In particular, if the DPL were to formally propose a GR, everyone who
wanted another option on the ballot would immediately be on the clock:
we would have to get our alternative either agreed with the DPL, or
seconded, within 7 days, if we wanted to be sure.  Given the febrile
atmosphere that some of these systemd discussions generate I think we
want at the very least the process to avoid any hint of anything that
feels threatening.

I also agree with the people who suggested that it would be best if
options were drafted by people who actually agree with them.  It is of
course helpful of the DPL to guide that process, but ultimately the
way the governance system is supposed to work is that people put
forward their _own_ options.

Whether it's helpful of the DPL to *start* this process is not so
clear to me.

But I do think we as a project as a whole have a problem here and it
is possible that another GR would help.  We have some outstanding
examples of cooperation and excellence, such as this one
Real work is being done and progress is being made.  But we also
have a very toxic atmosphere in some of our mail threads, and
unfortunate blocking behaviours.  (I won't give examples of those
since I don't want to turn the discussion into recriminations.)

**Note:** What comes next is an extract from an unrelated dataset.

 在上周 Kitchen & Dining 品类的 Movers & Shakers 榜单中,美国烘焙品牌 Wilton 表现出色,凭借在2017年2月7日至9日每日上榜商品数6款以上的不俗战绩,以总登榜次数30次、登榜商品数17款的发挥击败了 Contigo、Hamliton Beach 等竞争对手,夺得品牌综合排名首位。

I think what we are missing is a common understanding of the ground
rules of behaviour.  To my mind the basic principle of those ground
rules is that people should be allowed to work on what they want to,
within Debian.

It's no difference in principle whether it's a different init system,
or a different kernel, or a different libc, or a different desktop, or
a different package build system, or a different text editor.  People
they should be allowed to do their work.  If they need cooperation
from the rest of us, then provided the enthusiasts for whatever-it-is
are doing most of the work, then we should grant that cooperation.

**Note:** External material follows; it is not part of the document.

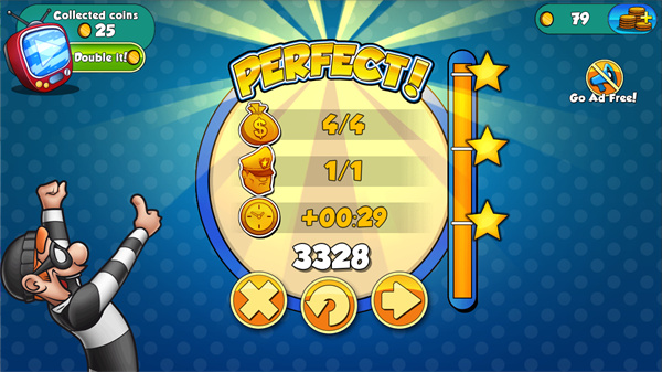 游戏中会有着大量幽默有趣的故事情节和行窃时的搞笑遭遇,拥有丰富的关卡等你来玩耍,想要顺利的拿到东西,就非常考验玩家的技术。除此之外,神偷鲍勃2最新版还拥有非常多的道具供你使用,能够帮助你更快的通过关卡,甚至能够躲避各种警报机关和巡视的人员,还有凶恶的狗等等,甚至是像忍者一般,在木箱、花盆、地板裂缝或者是马桶里进行躲避,趣味十足。

That does not mean that we should support only the lowest common
denominator in our internal interfaces.  Indeed until fairly recently
Debian was leading in the design and deployment of good interfaces to
allow multiple different approaches to coexist.  This is stuff we are
really good at when we put our mind to it.

The political toxicity surrounding this one issue is preventing that.

So I think what we need is to define some practical rules for who gets
to do what, when, and what the consequences will be if certain work
does not get done.

I have a draft text which I will post shortly.